There was a rusty old fridge directly to the right of the door, and next to it, piled up against the wall, lobster cages, fish boxes in various shapes and sizes, paddles. Then buoys, much larger than Darot’s, mostly in fire engine red, and reaching into the far corner, mountains of nets. Dupin pushed his way through them. With meshes in different sizes and colors. Dupin rooted around a bit. They looked as if they were no longer used. Amidst them were lines, lots of long lines, wrapped around logs. A bucket full of fishing hooks, a bucket of lead weights.
But nothing with little gadgets attached.
Everything seemed to belong here, nothing out of the ordinary.
Dupin turned around and left the shed. The light was so blinding, he had to hold his hand in front of his eyes.

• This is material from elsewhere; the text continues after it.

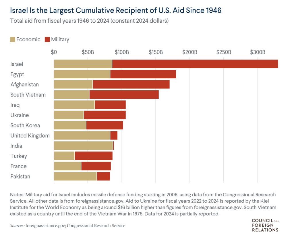 The US has given Israel some $330 billion in military and economic aid from 1946 to 2024, and the numbers keep going up. Of course, that doesn’t count the $2 trillion the US spent on the war in Iraq at Israel’s behest.

“We have already made progress,” said Goulch, who was standing directly in front of him. “The crime scene team have been through the dolphin researcher’s house in detail, and are now on the fisherwoman’s. They definitely found no net at Darot’s. There were a couple at Kerkrom’s, but none with some sort of gadgets attached. Nor did they find a cell phone on Darot’s boat. Nor a computer or laptop. Just a battery charger. No laptop at Kerkrom’s either, and it was a big fifteen-inch notebook, from what we know by now.”
In which case the killer had been into the houses. Maybe he knew there were clues on the machines, or at least was afraid there might be. In which case maybe he had also taken other things.
“We need somebody to go through their email accounts straightaway.”
“That’s complicated, as you know. But we’re working on it.”
“Good. Okay, let’s go.”
Dupin had already set off; his voice had sounded grumpy.
He was unsatisfied. And nervous.
It wasn’t long before the shakedown on the sea was due to start, the so-called “joint services action.” That would stir things up. Maybe even throw up things to do with their case, speed things up, bring them to a head.